Government will peruse the International Criminal Court (ICC) ruling that found South Africa failed to arrest Sudanese President Omar al-Bashir during the African Union Summit in June 2015, the Department of International Relations said on Thursday.
“The Government will study the ruling and its implications and seek legal opinion on available options. In the meantime, South Africa reiterates its total commitment to the principles of international justice,” the statement read.
The ICC on Thursday found South Africa had failed in its duty to arrest Bashir when he was in the country.
“The Government notes in particular that the ICC has decided not to refer the matter to the Assembly of State Parties and the United Nations Security Council,” the Dirco statement said.
Judge Cuno Tarfusser said South Africa had a duty to arrest Bashir in June 2015 and surrender him to the courts.
The ruling comes after the South African government ignored an order by the North Gauteng High Court in Pretoria preventing Bashir from leaving the country.
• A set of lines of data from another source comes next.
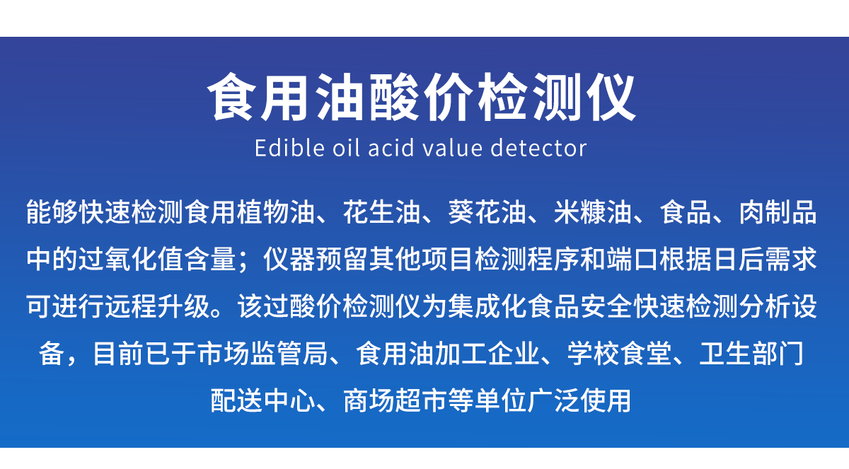 廣泛應(yīng)用于質(zhì)量監(jiān)督檢驗、工商管理、油炸食品生產(chǎn)基地、食藥監(jiān)局、衛(wèi)生部門、肉制品食品深加工企業(yè)、商場超市、各大食品安全監(jiān)測系統(tǒng)等單位使用。
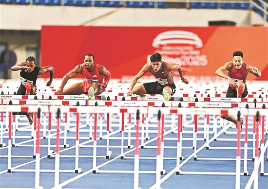 在男子110米栏决赛中,陈圆将(右二)以13秒27获得季军。本报记者 王羡茹 摄
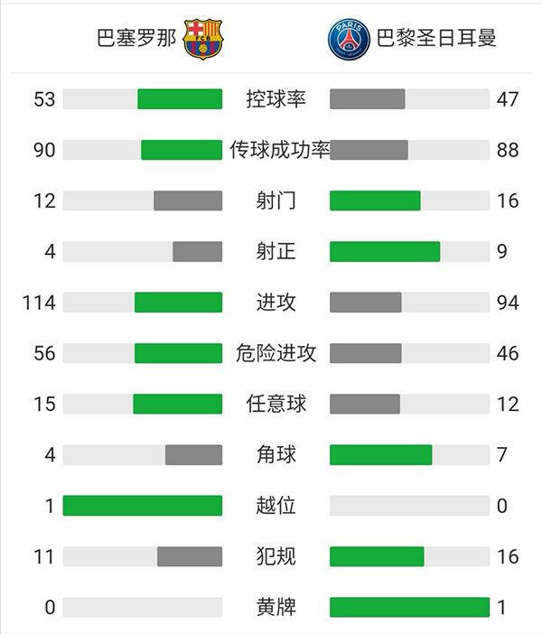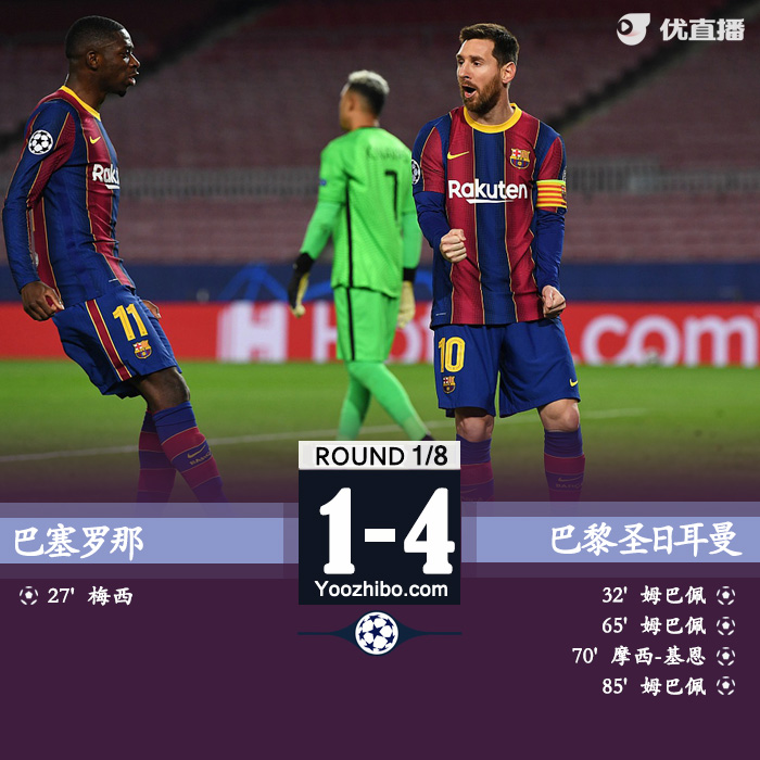 全场比赛结束,巴塞罗那主场1-4不敌巴黎圣日耳曼。
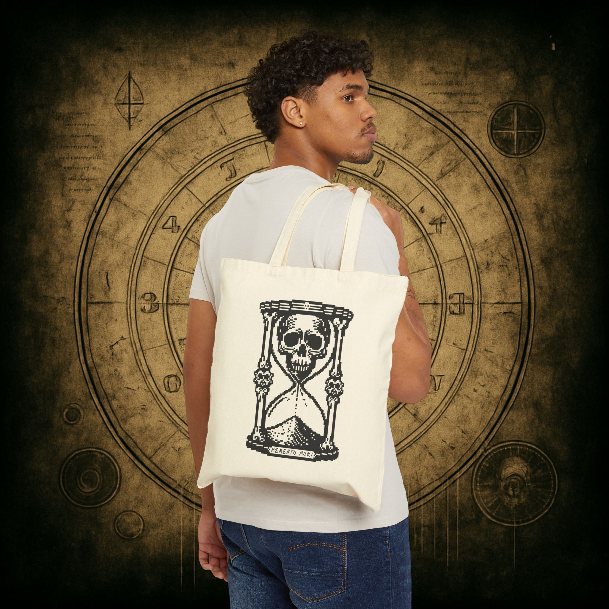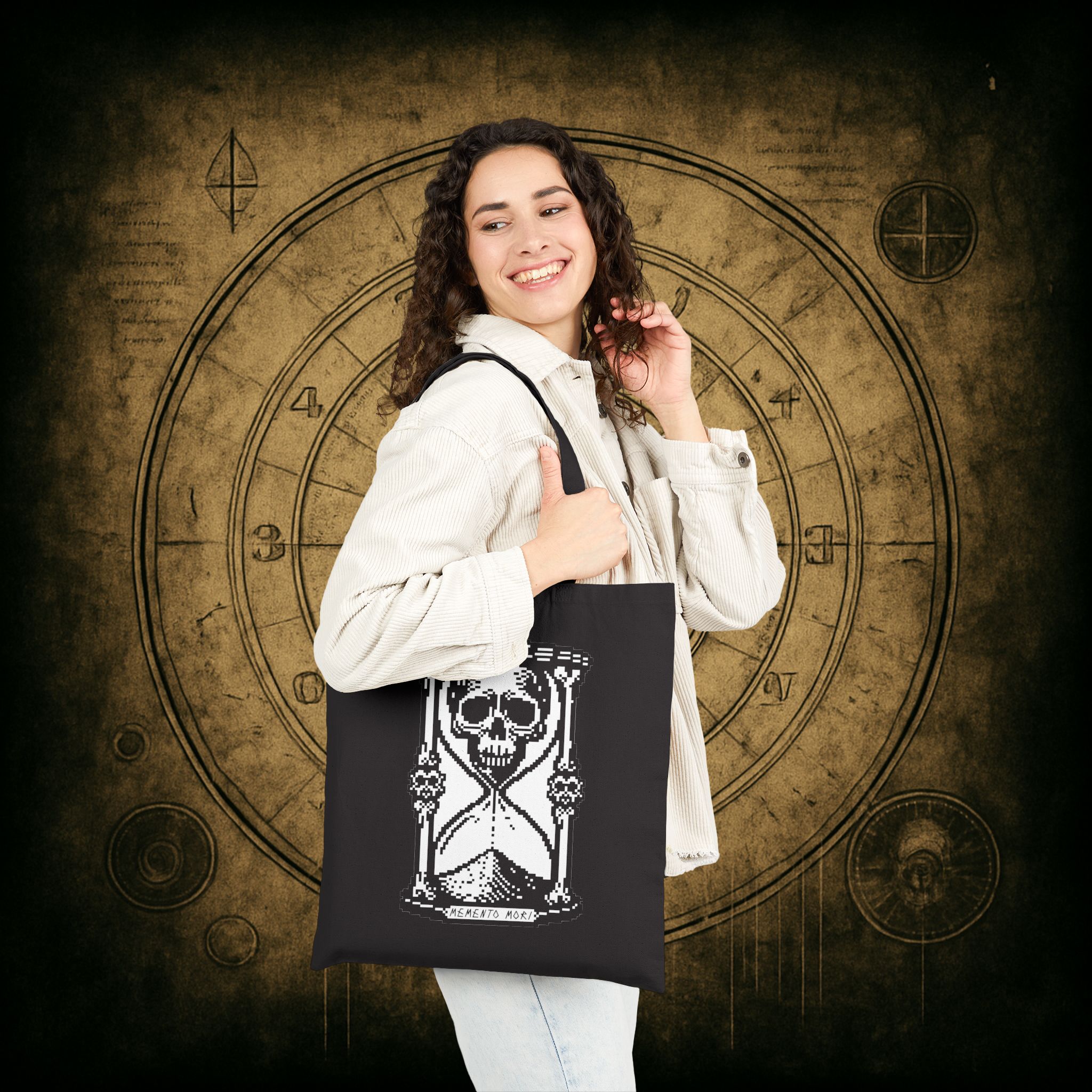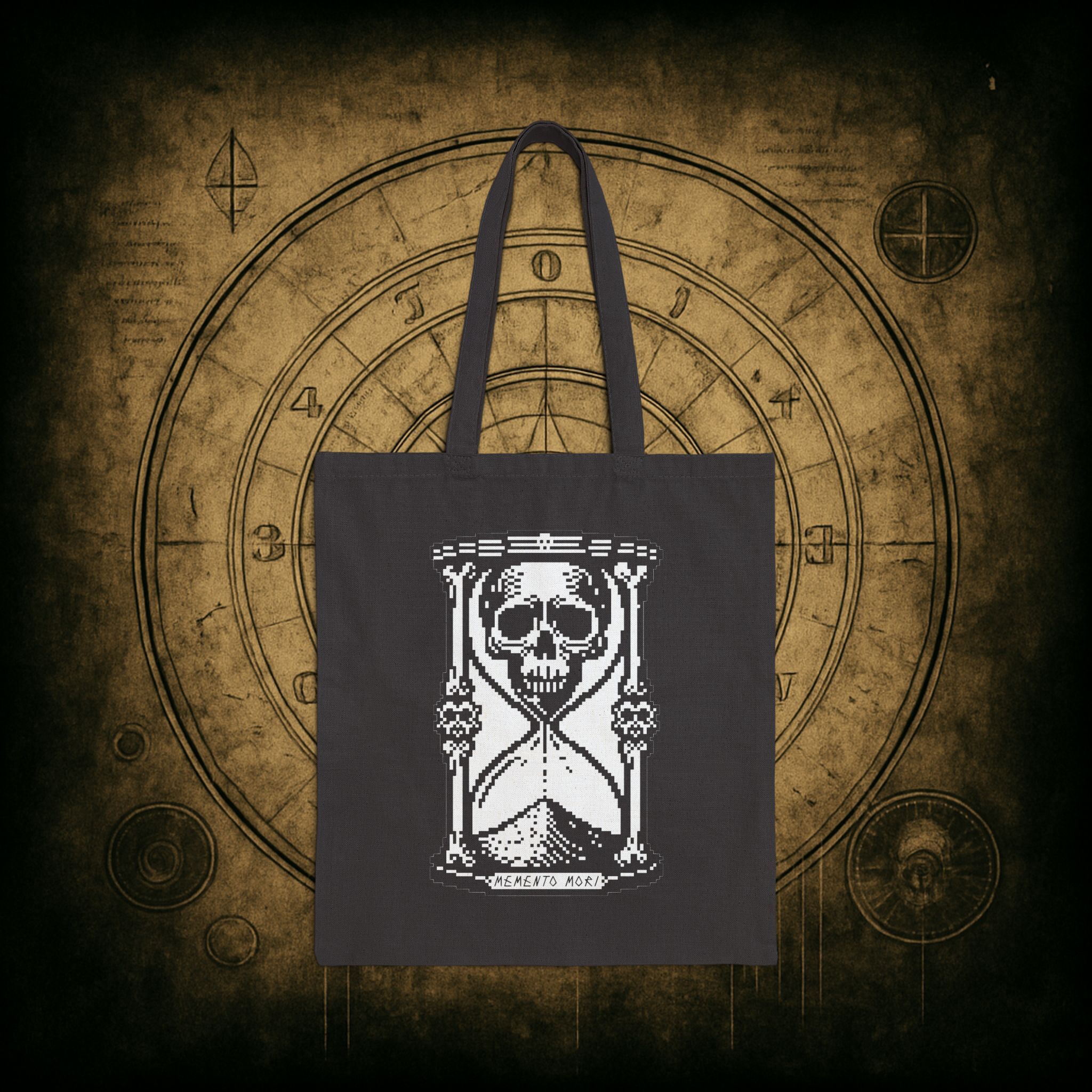 Darling, time is but a haunted whisper, so you might as well carry your essentials like a cursed queen. The Memento Mori Tote Bag features a pixel-etched skull locked in a gothic hourglass, reminding all who dare glance your way that the sands are slipping… and you’ve got errands to run. Ideal for toting your witchy wares, midnight musings, or the occasional forbidden text plucked from a haunted library shelf.

The Sudanese president had been attending an African Union summit in Johannesburg in June 2015.
According to information provided by the ICC, Bashir, who has been president of the Republic of Sudan since 1993, was issued with his first warrant of arrest on March 4, 2009, and another on July 12, 2010.
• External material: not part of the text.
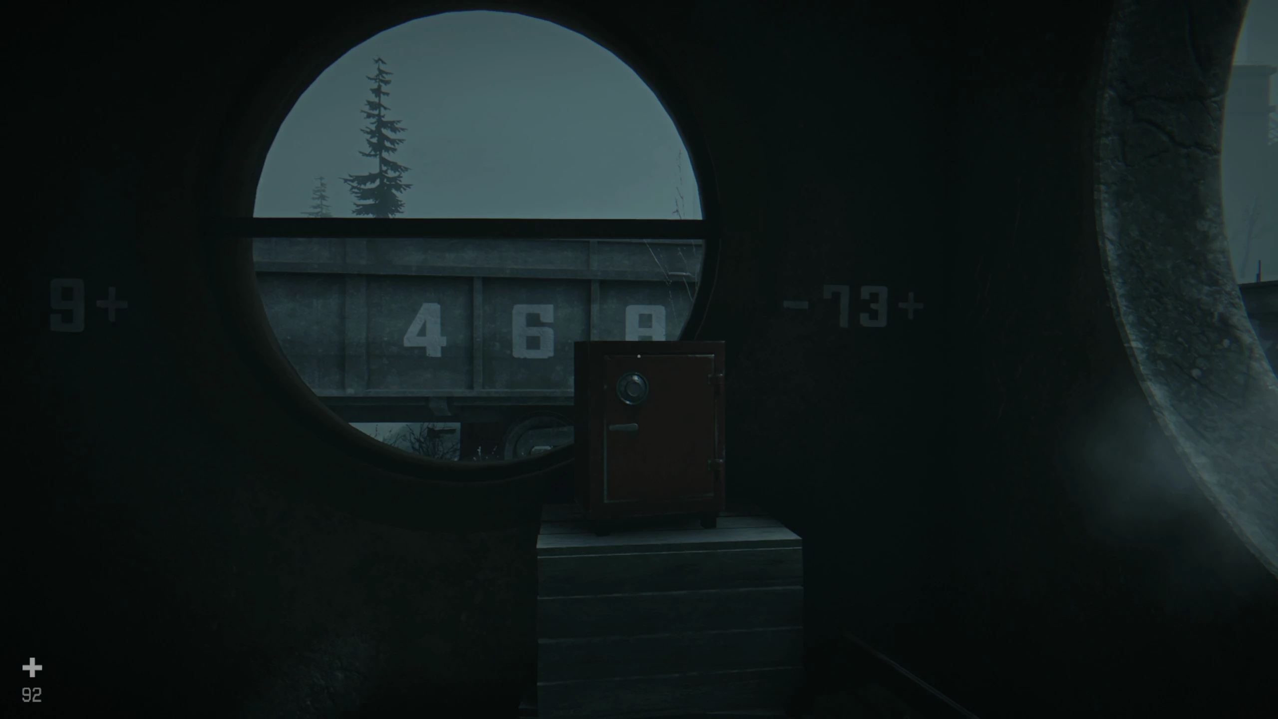 While driving, you will soon notice wagons with numbers and two huts on the left. Stop and explore them. To open the safe, you need to make the right equation and get a four-digit number. All numbers with signs that can be found: 9+468-73+607-93+734, which is equal to 1652. Open the safe using this number. As a reward, you will receive shotgun cartridges (7) and food.
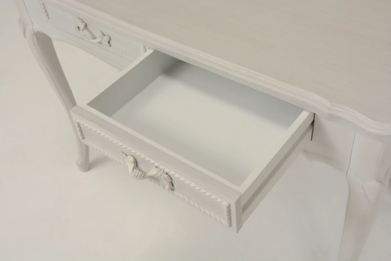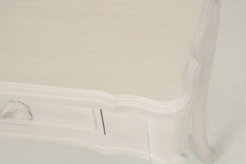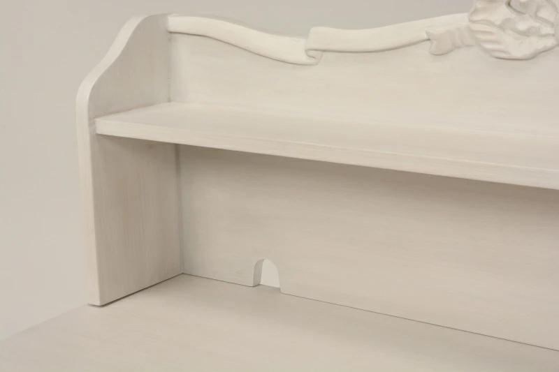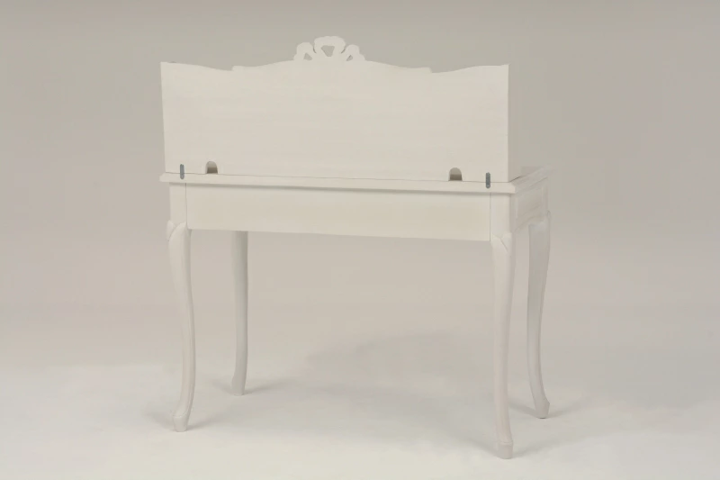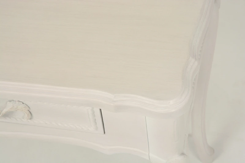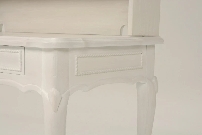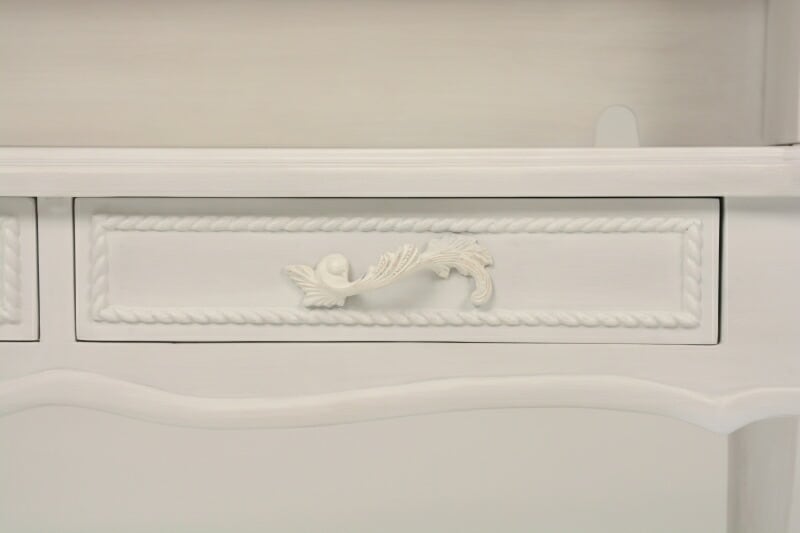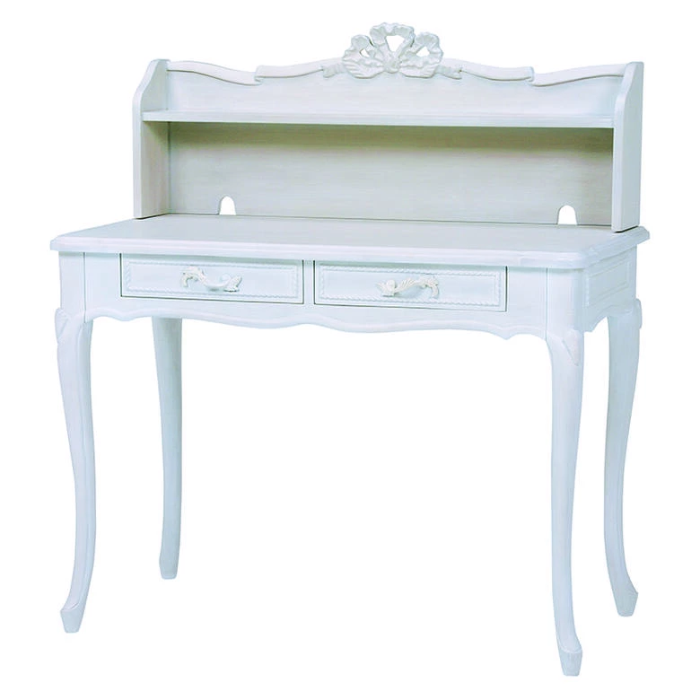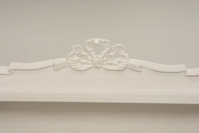 | リボンモチーフの彫刻と猫脚が特徴の「ハンプトン」シリーズ。 高級木材のマボガニーにアンティーク加工が施されており、グレージュ系のシャビーでお洒落な雰囲気に仕上げられています。 |

He has been charged with crimes against humanity, war crimes and genocide.
In the wake of the controversy over the matter, the South African government stated its intent to withdraw from the Rome Statute.
However, in March this year, the government backed down on that idea, following a ruling by the North Gauteng High Court in Pretoria in February which stipulated that a withdrawal would be unconstitutional and invalid - and needed to be decided on by Parliament.